> **ACTIVITY**:
Give back exactly the lines of the data below, starting with the line that has "变压吸附制氮装置工艺流程图" and going on through the line that has "宰予是王室贵族子弟,从小骄纵".

> **INPUT DATA**:
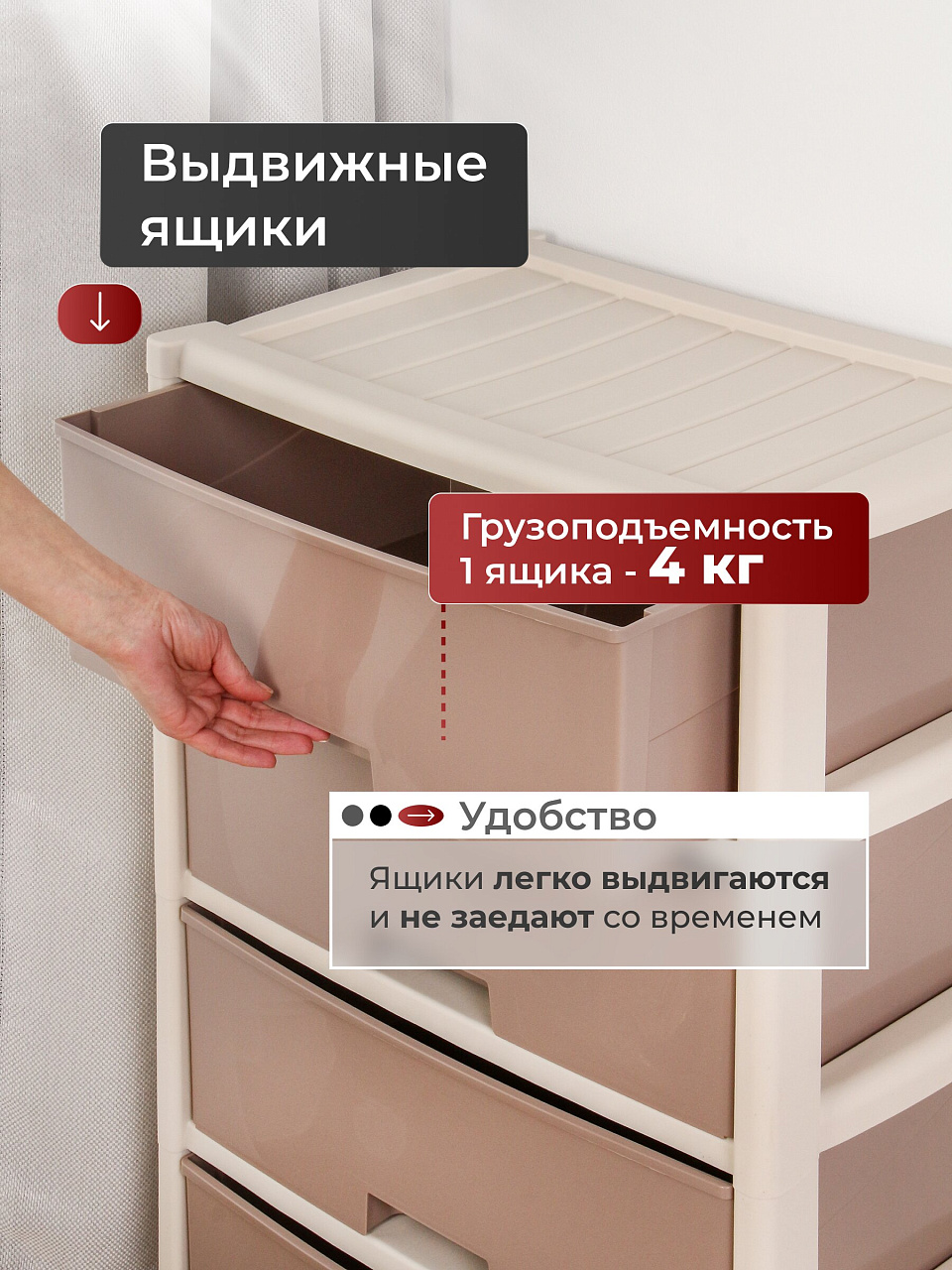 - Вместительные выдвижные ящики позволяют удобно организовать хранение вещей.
--
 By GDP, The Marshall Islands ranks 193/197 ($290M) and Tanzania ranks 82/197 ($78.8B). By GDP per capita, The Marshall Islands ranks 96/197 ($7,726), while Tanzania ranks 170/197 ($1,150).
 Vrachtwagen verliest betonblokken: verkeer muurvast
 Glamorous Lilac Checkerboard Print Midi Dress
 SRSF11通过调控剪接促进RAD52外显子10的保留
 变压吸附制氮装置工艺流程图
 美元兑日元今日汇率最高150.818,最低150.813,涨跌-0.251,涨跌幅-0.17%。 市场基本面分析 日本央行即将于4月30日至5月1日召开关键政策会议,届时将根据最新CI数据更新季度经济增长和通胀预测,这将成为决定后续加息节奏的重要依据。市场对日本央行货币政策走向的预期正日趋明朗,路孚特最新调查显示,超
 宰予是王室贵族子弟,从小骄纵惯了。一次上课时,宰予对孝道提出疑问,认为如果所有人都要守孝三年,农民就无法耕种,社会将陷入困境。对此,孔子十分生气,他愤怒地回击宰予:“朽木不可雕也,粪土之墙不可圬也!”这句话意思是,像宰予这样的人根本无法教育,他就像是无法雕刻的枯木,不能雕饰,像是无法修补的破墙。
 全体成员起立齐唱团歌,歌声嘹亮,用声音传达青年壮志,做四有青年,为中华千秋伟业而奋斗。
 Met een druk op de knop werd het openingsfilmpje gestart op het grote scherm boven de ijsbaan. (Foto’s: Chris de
---
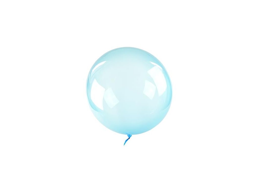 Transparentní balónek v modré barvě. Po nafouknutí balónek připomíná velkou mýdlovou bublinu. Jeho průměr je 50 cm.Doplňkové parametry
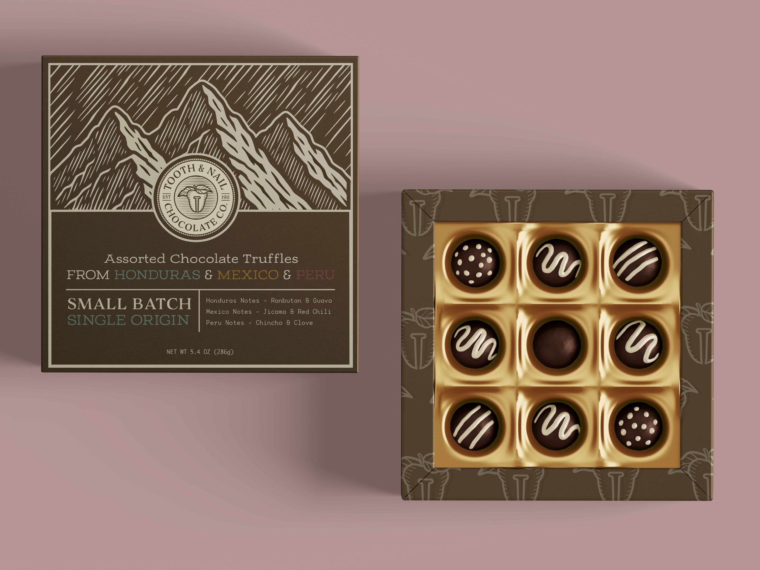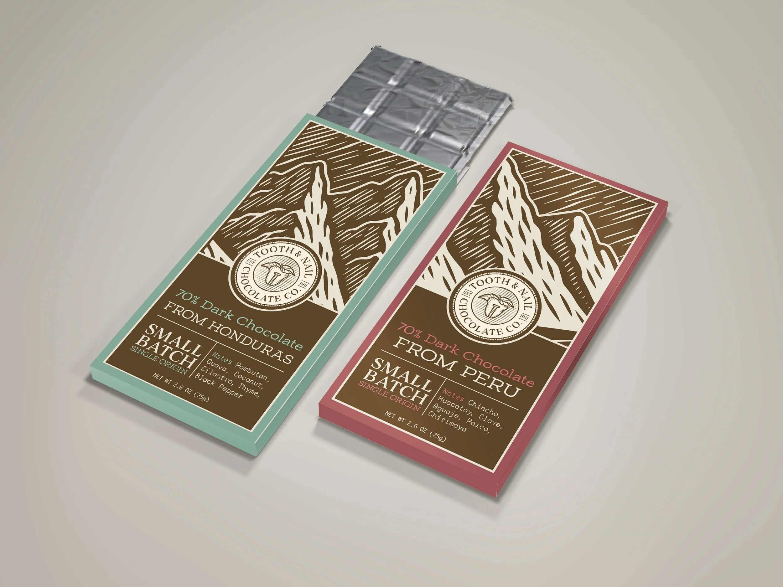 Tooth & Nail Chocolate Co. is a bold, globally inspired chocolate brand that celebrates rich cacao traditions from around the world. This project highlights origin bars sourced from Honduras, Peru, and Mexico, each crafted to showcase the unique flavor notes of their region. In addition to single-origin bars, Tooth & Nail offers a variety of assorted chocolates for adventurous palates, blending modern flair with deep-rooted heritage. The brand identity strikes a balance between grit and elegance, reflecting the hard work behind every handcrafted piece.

> **RESULT FOR THIS EXERCISE**:
 变压吸附制氮装置工艺流程图
 美元兑日元今日汇率最高150.818,最低150.813,涨跌-0.251,涨跌幅-0.17%。 市场基本面分析 日本央行即将于4月30日至5月1日召开关键政策会议,届时将根据最新CI数据更新季度经济增长和通胀预测,这将成为决定后续加息节奏的重要依据。市场对日本央行货币政策走向的预期正日趋明朗,路孚特最新调查显示,超
 宰予是王室贵族子弟,从小骄纵惯了。一次上课时,宰予对孝道提出疑问,认为如果所有人都要守孝三年,农民就无法耕种,社会将陷入困境。对此,孔子十分生气,他愤怒地回击宰予:“朽木不可雕也,粪土之墙不可圬也!”这句话意思是,像宰予这样的人根本无法教育,他就像是无法雕刻的枯木,不能雕饰,像是无法修补的破墙。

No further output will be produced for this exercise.